Stored entries
**********

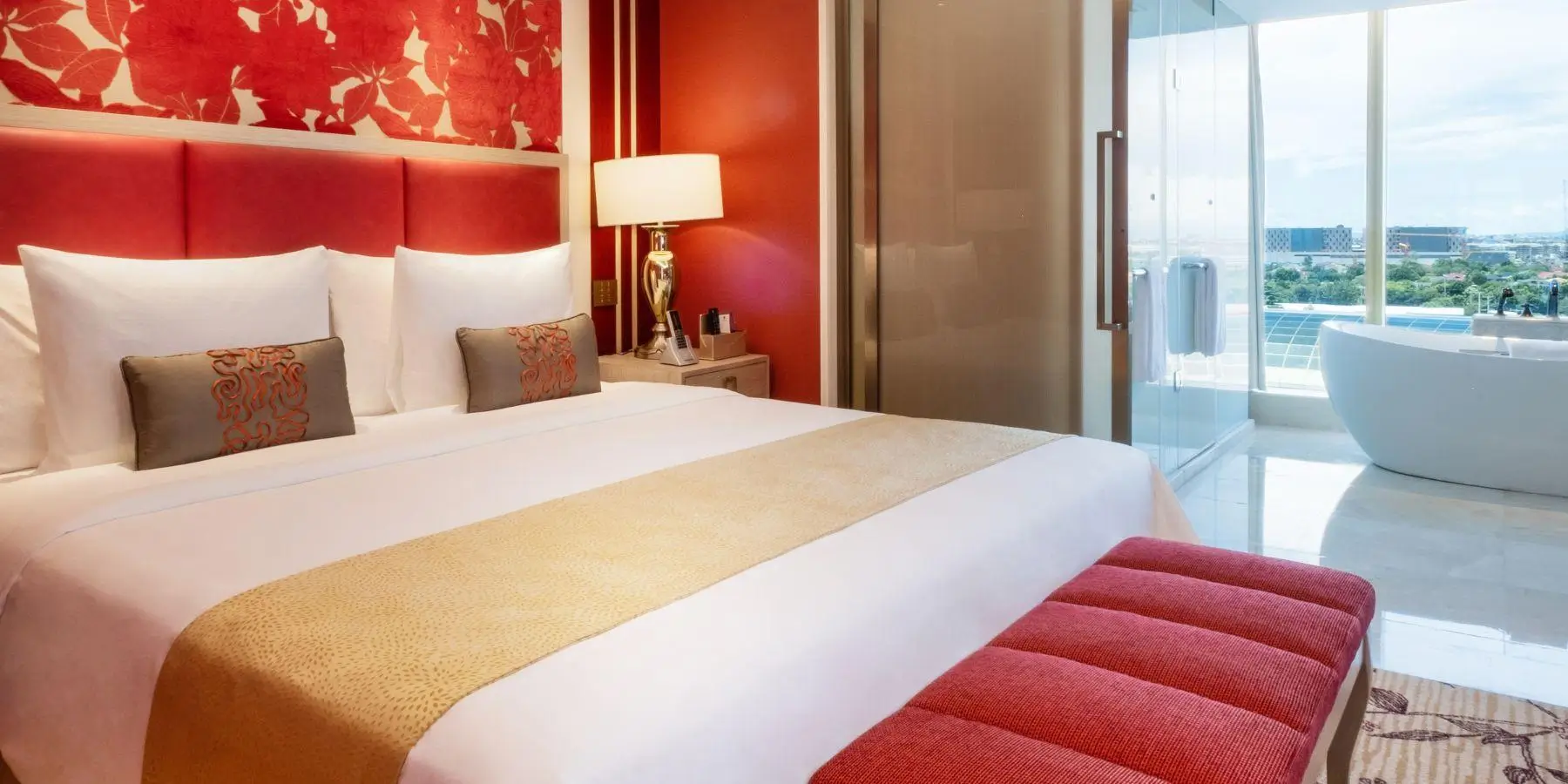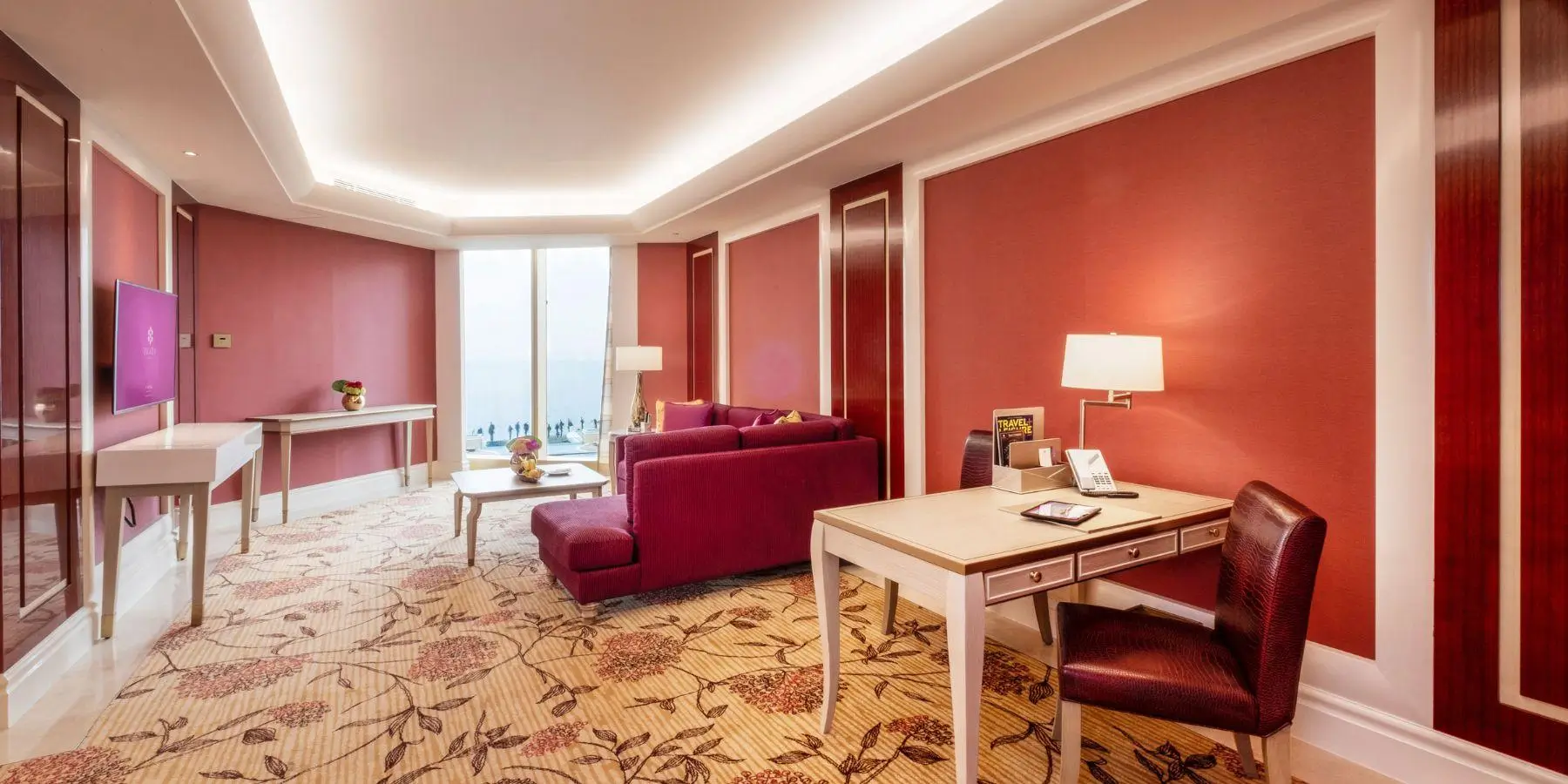 お客様のお好みに合わせて精巧にデザインされたジュニア・スイートは、極上のご滞在をお約束します。100~150平方メートルの広さを誇るこのスイートは、快適なリビングスペースと人間工学に基づいた書斎エリアを備えています。シーリー社製のマットレスを備えたキングサイズベッドが安らかな夜をお約束し、レインシャワーとデザイナーズアメニティを備えたプライベートバスルームが贅沢な隠れ家を演出します。最高級のセレクションを取り揃えたミニバーとネスプレッソマシンがあり、お好きなときにお好きなコーヒーをお楽しみいただけます。
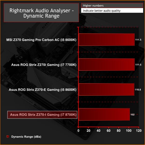 That’s solid, although it is a couple of minor steps behind last year’s Asus board and this year’s full-size MSI Z370 board. It’s not going to make a difference to most people, but audiophiles may want to bear this in mind.
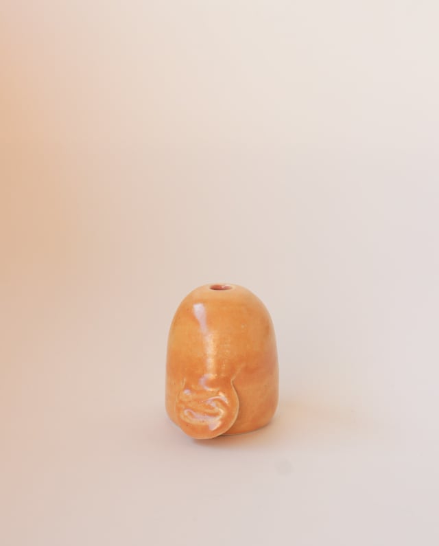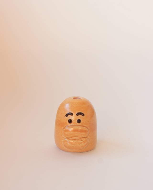おとぼけた表情のかわいいフラワーベースです。卵ぐらいのサイズ感です。
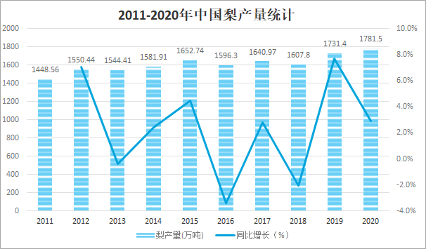 隨著栽培技術的不斷提升,中國梨產量快速增長,2020年中國梨產量達1781.5萬噸,較2019年增加了50.10萬噸,同比增長2.9%。
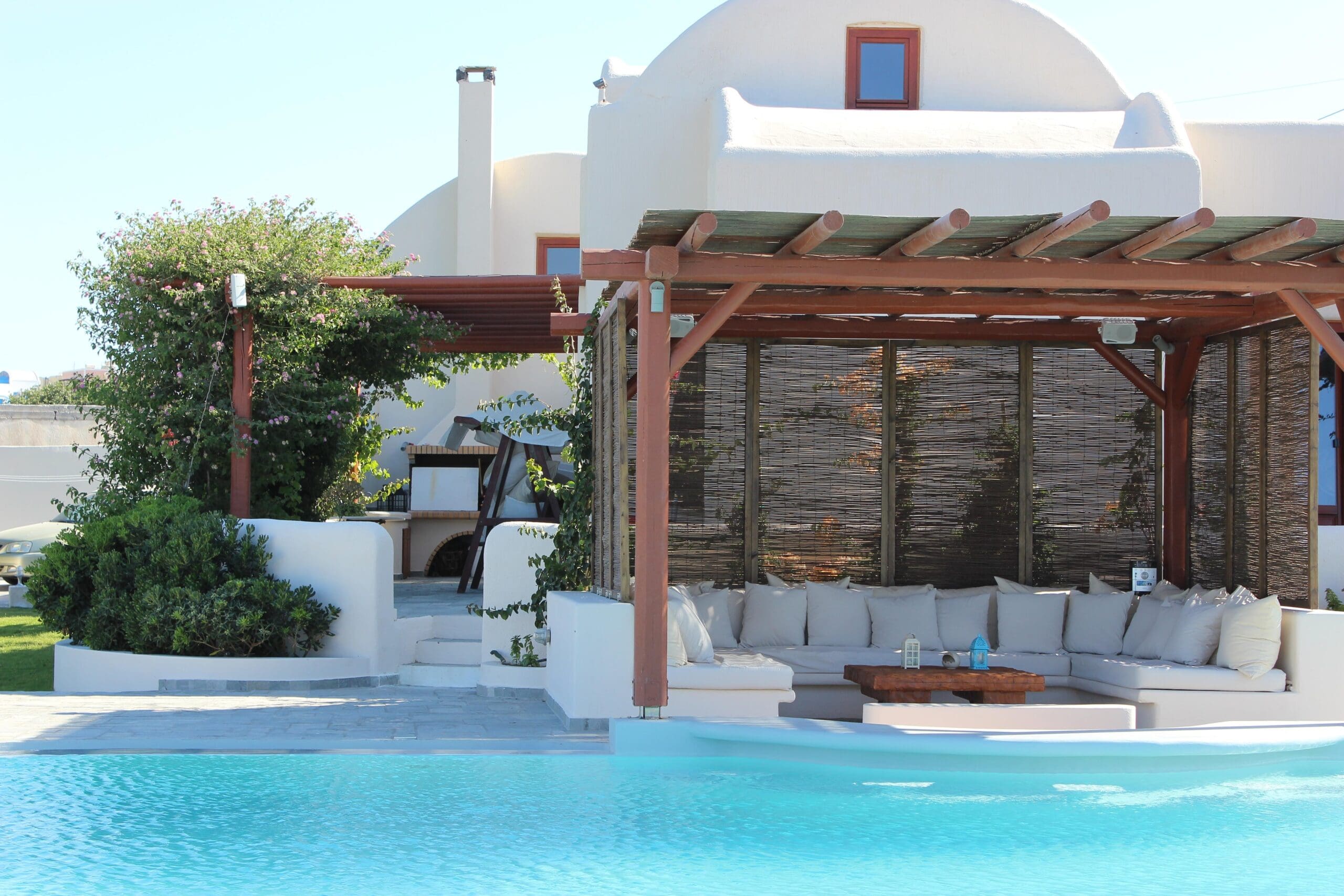 Inside, the home has been appointed in traditional Santorinian style, with cooling white walls, wooden ceiling beams and bare floorboards. Oddly enough, the only rooms that veer away from this script are the bathrooms, which all have been treated to a quirky range of tiling.

**********

▶ _TASK TO COMPLETE_: Type the entries again verbatim. Any pictures should be skipped.

▶ _PROBLEM SOLUTION_:
 お客様のお好みに合わせて精巧にデザインされたジュニア・スイートは、極上のご滞在をお約束します。100~150平方メートルの広さを誇るこのスイートは、快適なリビングスペースと人間工学に基づいた書斎エリアを備えています。シーリー社製のマットレスを備えたキングサイズベッドが安らかな夜をお約束し、レインシャワーとデザイナーズアメニティを備えたプライベートバスルームが贅沢な隠れ家を演出します。最高級のセレクションを取り揃えたミニバーとネスプレッソマシンがあり、お好きなときにお好きなコーヒーをお楽しみいただけます。
 That’s solid, although it is a couple of minor steps behind last year’s Asus board and this year’s full-size MSI Z370 board. It’s not going to make a difference to most people, but audiophiles may want to bear this in mind.
おとぼけた表情のかわいいフラワーベースです。卵ぐらいのサイズ感です。
 隨著栽培技術的不斷提升,中國梨產量快速增長,2020年中國梨產量達1781.5萬噸,較2019年增加了50.10萬噸,同比增長2.9%。
 Inside, the home has been appointed in traditional Santorinian style, with cooling white walls, wooden ceiling beams and bare floorboards. Oddly enough, the only rooms that veer away from this script are the bathrooms, which all have been treated to a quirky range of tiling.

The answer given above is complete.